New Crypto Futures May Be in the Pipeline for Cboe

in bitcoin •  7 years ago 

The introduction of Bitcoin futures by Cboe Global Markets Inc. in December definitely added some legitimacy to the digital asset for institutional investors. After the successful launch of Bitcoin futures trading, the logical next step is establishing futures trading for other cryptocurrencies, such as Ethereum, Ripple, and Litecoin. Back in January the president of Cboe, Chris Concannon, hinted at the possibility of creating futures contracts for other cryptocurrencies in the future. He added that this would not come to fruition until an overhaul of Cboe’s core trading software was completed.
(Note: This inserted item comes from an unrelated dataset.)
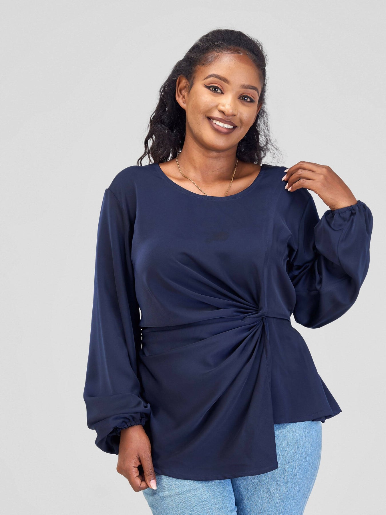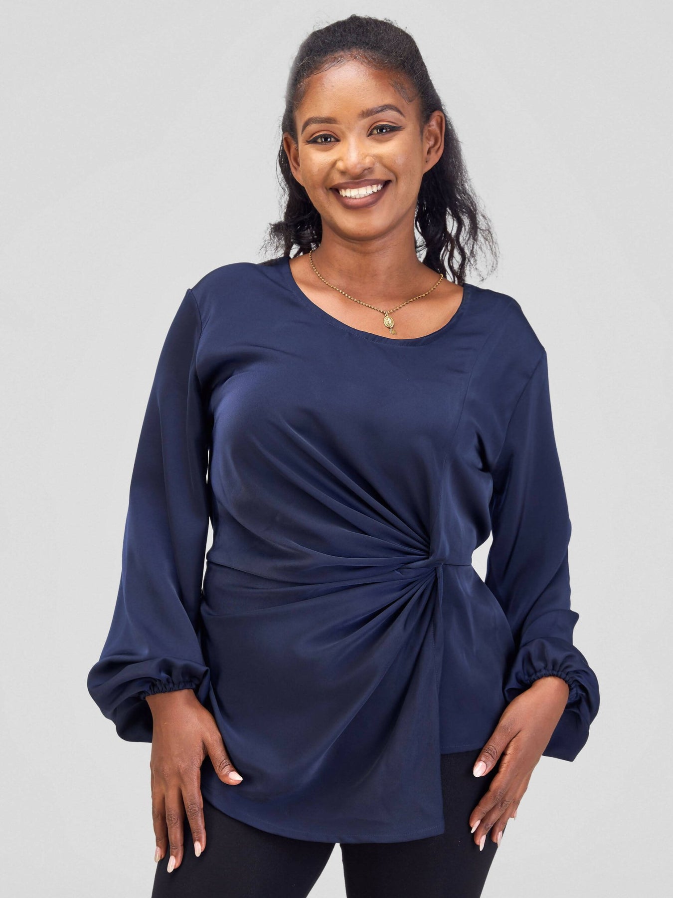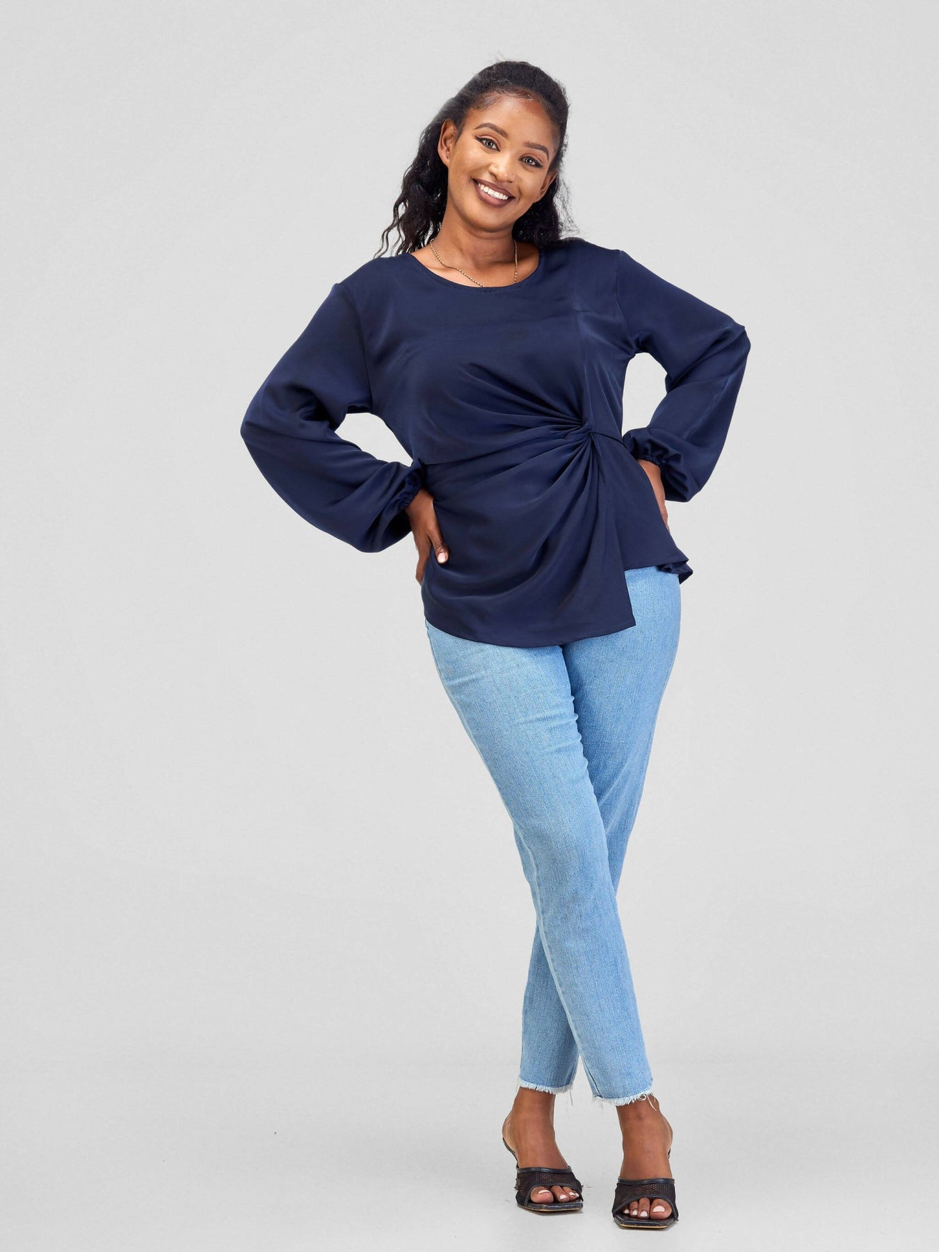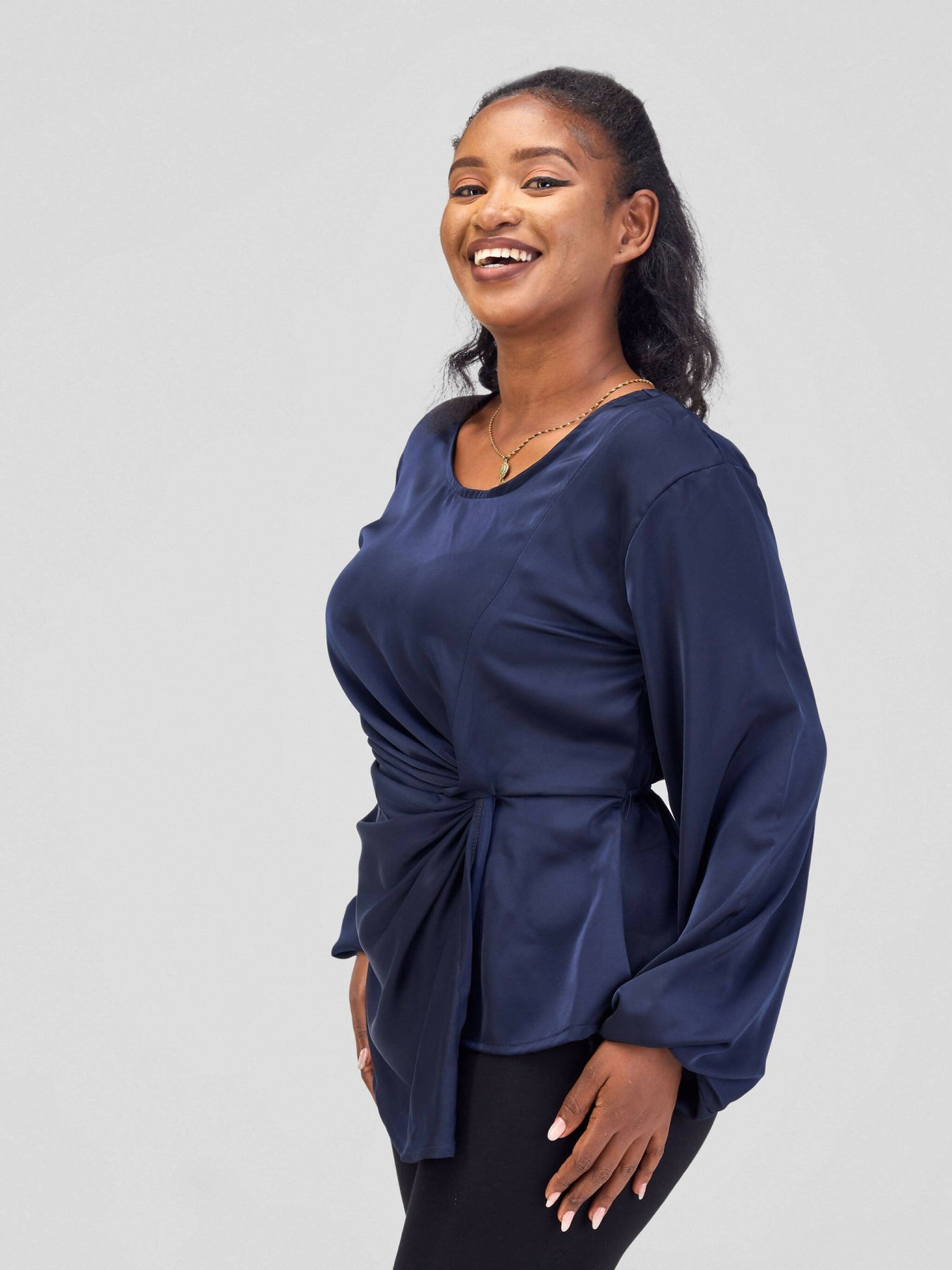 Silk House Collection Raya Top - Navy Blue - Shopzetu
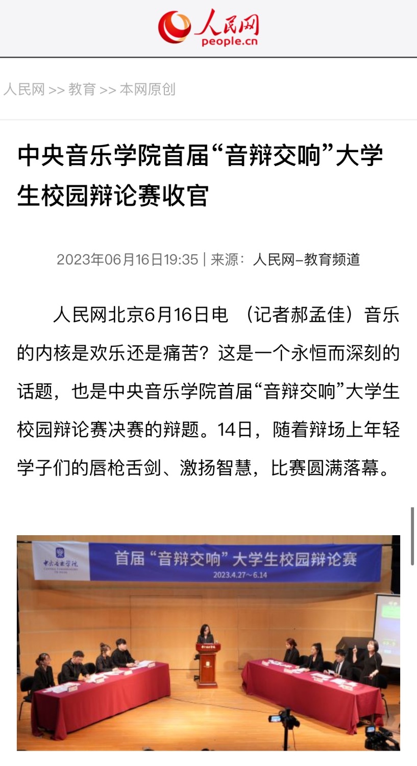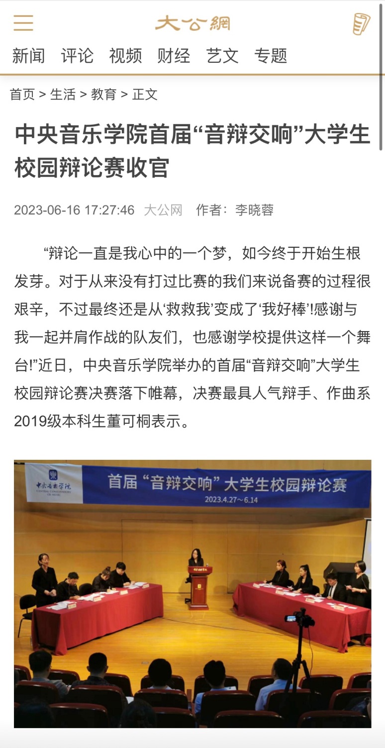 更重要的是,辩论赛始终注重育人功效,强化价值引领,“以辩化人”“以辩育人”。辩题涵盖的领域广泛,引导学生关心家事、国事、天下事,培养当代青年的社会责任感,切实将 “立德树人”的教育理念落细落实。在学生们的心性养成、人格塑造及家国情怀的涵养等方面,比赛发挥了积极作用。未来我们力争把“音辩交响”大学生校园辩论赛打造成可培育、可持续、具生长性的高水平校园文化品牌。

On Tuesday, Cboe announced that their core software upgrade was complete. This brings them one step closer to the introduction of futures contracts for other cryptocurrencies. The new platform reduces trading latency by as much as 80%. This is significant because it will attract more market makers that can help to add liquidity to the market, reducing volatility in the prices of futures contracts. While the added liquidity in the market for futures contracts does not directly affect the volatility of Bitcoin prices, movements in prices will likely become more linked to futures contract fluctuations as more money flows into the market.

More importantly, a more stable futures trading platform with greater capacity for liquidity opens up the possibility of new crypto futures. Cboe is most concerned with meeting regulations and protecting investors. Prior to the recent software upgrade, their futures trading platform did not operate with enough efficiency to support futures trading for other lower market cap cryptocurrencies without exposing investors to excessive risk.

It is surprising to many that Cboe managed to gain SEC approval for derivative products such as futures contracts before Bitcoin ETFs were approved. Relatively speaking, derivatives are much riskier financial instruments when compared to ETFs, though they do not hold the same potential for creation of systemic risks within the cryptocurrency market. Back in March, the Gemini cryptocurrency exchange’s application for a Bitcoin ETF was rejected by the SEC. Many other entities have applied for the creation of Bitcoin and other crypto ETFs since, and all have been rejected.

While the SEC is still very hesitant to approve new financial products linked to cryptocurrency, investors can definitely expect some new developments in the areas of derivatives and ETFs in the next six to twelve months. Futures products for cryptos other than Bitcoin will likely be the next step in institutional adoption of a new asset class.